Едва услышав, что мне нужно будет пройти через это унижение, я сразу решила для себя, что врача к себе не подпущу. Ну не будут же они меня связывать. Однако при взгляде на этого человека у меня пропала вся моя непримиримая агрессивность, и через несколько минут я с удивлением осознала, что покорно и спокойно отвечаю на его вопросы.
Он не высказывал мне своего осуждения, не спрашивал, за что я сижу в тюрьме (хотя, думаю, был извещён об этом заранее). Он вообще ничего не спрашивал из того, что не касалось состояния моего здоровья. И как-то так получилось, что ему даже не пришлось уговаривать меня дать себя осмотреть. Затем, споласкивая длинные тонкие руки над погнутым железным тазом, он сказал тихо и спокойно:
– Да, беременность уже неплохая. Второй месяц на исходе.
Я сидела, как громом поражённая.
– Что неплохое?
– Беременны вы, в положении! Разве не знали об этом? – старик деликатно постучал в дверь камеры и сказал мне на прощанье, – вы бы не сидели на холодном полу, это может быть вредно для ребёнка.., – после чего вышел в коридор.

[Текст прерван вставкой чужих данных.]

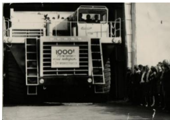
1000-я машина МАЗ-525

65 лет назад на БелАЗе была изготовлена 1000-я машина МАЗ-525 (7 ноября 1960 г.).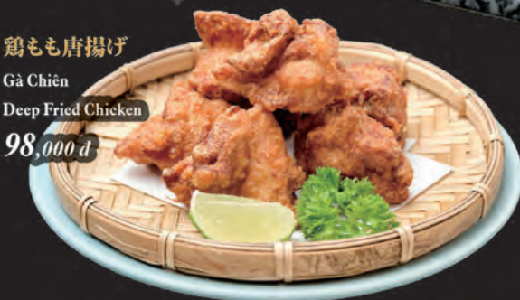
鶏もも唐揚げ Gà Chiên Deep Fried Chicken 98,000 đ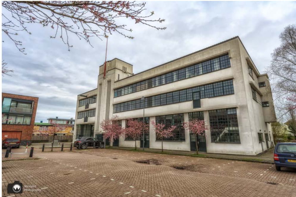
- Maison Essence. -

Aan het einde van de Botenmakersstraat lopen we een bruggetje over en zien aan onze linkerhand Maison Essence.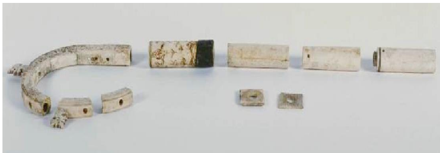
2. Magyar Boldog Gergely pásztorbotja, Rimini, Tesoro della Cattedrale

Az olasz katolikus egyház kulturális javainak adatbázisában (BeWeb2020) a pásztorbotról 2009-ben készült egy rekord – hibákkal és újabb téves névalakkal. Címe: „Itália, 14. század, B. Ungano [!] pásztorbotjának töredékei”. 84 Közli a pásztorbot maradványainak fotóját (2. kép), méretét (18x16 cm – nem világos, pontosan mire vonatkozik) és rövid leírását: „faragott, aranyozott, festett, elefántcsont pásztorbot, mely kilenc darab, beato Gregorio Ungano [!] csontjai között talált töredékből áll (a henger alakú részek átmérője 2,2 cm), kurzív gótikus betűs felirattal a rúdján [! – helyesen: a kurvatúráján.]”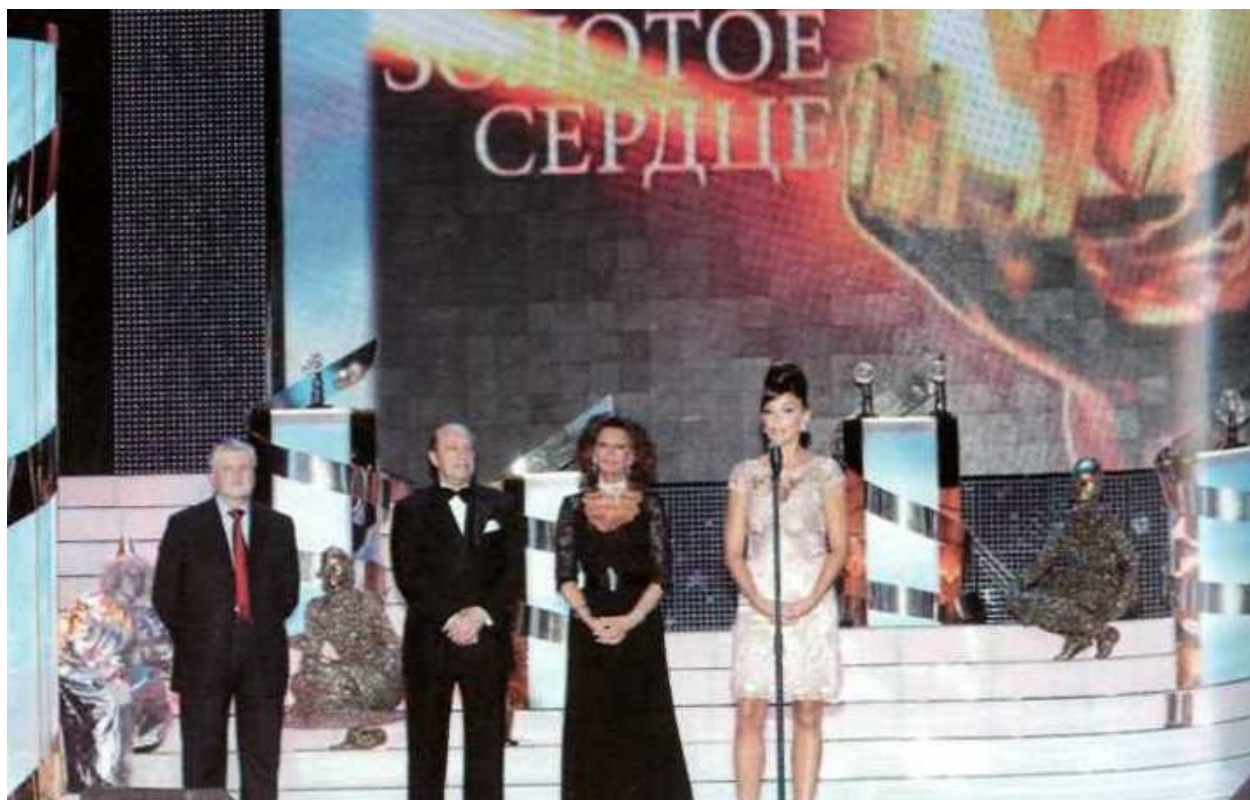
Премия «Золотое сердце» Мехрибан Алиевой вручают Сергей Миронов, Игорь Иванов и Софи Лорен. Москва, май 2007 г.

А я осталась с невозможной, с ног сшибающей новостью – беременна? Разве я могу быть беременна? Беременными бывают жёны толстых бюргеров или глупые девушки вроде Ингрид Лауэр, разве могу быть беременна я? В первые минуты до меня даже не дошло, что отцом ребёнка является насильник Генрих, хотя ни с кем другим интимных отношений у меня никогда не было. И только потом я осознала, что ношу в себе ребёнка этого ублюдка.
Почему моя мать, сделавшая всё для того, чтобы сохранить своего второго ребёнка, когда я была в первом классе, всё-таки потеряла его? А я, блуждая по лесам и долам, ночуя в холоде в оврагах, сидя в тюремной камере, сохранила в себе отродье Генриха! В момент осознания этого факта мне казалось, что вся несправедливость, которая существует в этом мире, обрушилась на меня.

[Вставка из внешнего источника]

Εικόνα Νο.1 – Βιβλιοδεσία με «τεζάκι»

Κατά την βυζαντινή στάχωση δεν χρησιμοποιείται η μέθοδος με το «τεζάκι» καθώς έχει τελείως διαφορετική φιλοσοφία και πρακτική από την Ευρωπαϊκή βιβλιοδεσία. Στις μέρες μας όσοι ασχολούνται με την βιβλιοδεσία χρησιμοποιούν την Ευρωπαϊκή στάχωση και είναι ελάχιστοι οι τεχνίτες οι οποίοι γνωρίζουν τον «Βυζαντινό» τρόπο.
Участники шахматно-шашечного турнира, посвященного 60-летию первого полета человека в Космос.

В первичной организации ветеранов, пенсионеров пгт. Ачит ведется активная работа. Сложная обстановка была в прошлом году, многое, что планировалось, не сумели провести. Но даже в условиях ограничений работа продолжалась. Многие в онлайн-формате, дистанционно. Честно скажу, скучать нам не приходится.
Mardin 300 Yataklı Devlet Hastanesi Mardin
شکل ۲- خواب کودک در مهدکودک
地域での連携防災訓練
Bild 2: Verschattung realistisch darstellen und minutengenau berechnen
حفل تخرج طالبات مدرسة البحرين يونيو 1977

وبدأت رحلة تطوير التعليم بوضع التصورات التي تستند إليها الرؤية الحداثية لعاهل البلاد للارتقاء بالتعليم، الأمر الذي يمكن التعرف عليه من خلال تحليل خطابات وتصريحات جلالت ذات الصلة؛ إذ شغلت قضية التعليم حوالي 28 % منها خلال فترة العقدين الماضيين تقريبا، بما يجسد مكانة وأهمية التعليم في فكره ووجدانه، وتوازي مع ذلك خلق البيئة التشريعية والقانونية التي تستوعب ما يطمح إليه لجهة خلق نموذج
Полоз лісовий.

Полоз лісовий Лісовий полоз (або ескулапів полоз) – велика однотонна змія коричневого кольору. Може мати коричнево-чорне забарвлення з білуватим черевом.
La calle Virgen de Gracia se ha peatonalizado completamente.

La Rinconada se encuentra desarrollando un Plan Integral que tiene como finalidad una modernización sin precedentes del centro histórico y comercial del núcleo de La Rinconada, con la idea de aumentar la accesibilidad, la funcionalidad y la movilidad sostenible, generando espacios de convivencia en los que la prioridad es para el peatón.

Я продолжала сидеть на полу. Совет старого доктора звучал в ушах издевательством. Похоже, этому ребёнку ничего не вредно. Я изо всей силы ударила себя кулаком по животу. Потом стала вспоминать различные истории о беременности и родах, которые приходилось слышать ранее, урывками, намёками, так как в нашей семье считалось, что девочке негоже интересоваться такими темами.
Когда-то наша служанка разговаривала с соседкой и рассказывала о своей двоюродной сестре, проживающей в деревне. Эта несчастная женщина носила уже двенадцатого ребёнка. Денег в семье не было, муж ушёл на заработки в Вену, новый младенец ей был совершенно ни к чему. Она пыталась вытравить нежеланный плод самыми разными способами.
Когда я слушала этот рассказ, запоминать его мне не было никакой нужды. Помнится, назывался хинин, очень горячая вода и прыжки со стола на пол. Конечно, достать хинина в тюрьме было невозможно. Да и с горячей водой тут были явные проблемы. А вот стол в камере был. Порадовавшись тому, что пока сижу в одиночке, я взгромоздилась на стол и спрыгнула с него, стараясь попасть в середину комнаты. Продолжим упражнение дальше. Но на седьмом или восьмом прыжке дверь камеры распахнулась, и усатый надзиратель грубо крикнул мне:
– Ты что тут вытворяешь? В карцер захотела? Или смирительную рубашку надеть на тебя?
Дверь захлопнулась. Я сидела на холодном полу и лила злые слёзы.
После освидетельствования врача отношение ко мне изменилось. Не могу сказать, чтобы оно стало лучше. Но вся тюремная обслуга начала меня сторониться так, как будто бы я была заразна. В добавление к обычной похлёбке каждый день утром мне приносили стакан молока. А дело моё, между тем, шло к суду. Дитрих как будто потерял ко мне интерес.
Дни шли за днями. Я с ужасом ждала, когда у меня начнёт расти живот, представляя, как скоро стану такой же неповоротливой бочкой, как Инга. Но пока ничего такого не наблюдалось, я даже наоборот, как будто бы похудела. Примерно через месяц старый врач пришёл снова. К тому времени у меня накопилось к нему несколько вопросов. Несмотря на то, что в нашей школе была биология, я почти ничего не знала о естественных реакциях женского организма на беременность. Что ещё раз говорит о никчемности нашего женского образования. Впрочем, не буду об этом сейчас.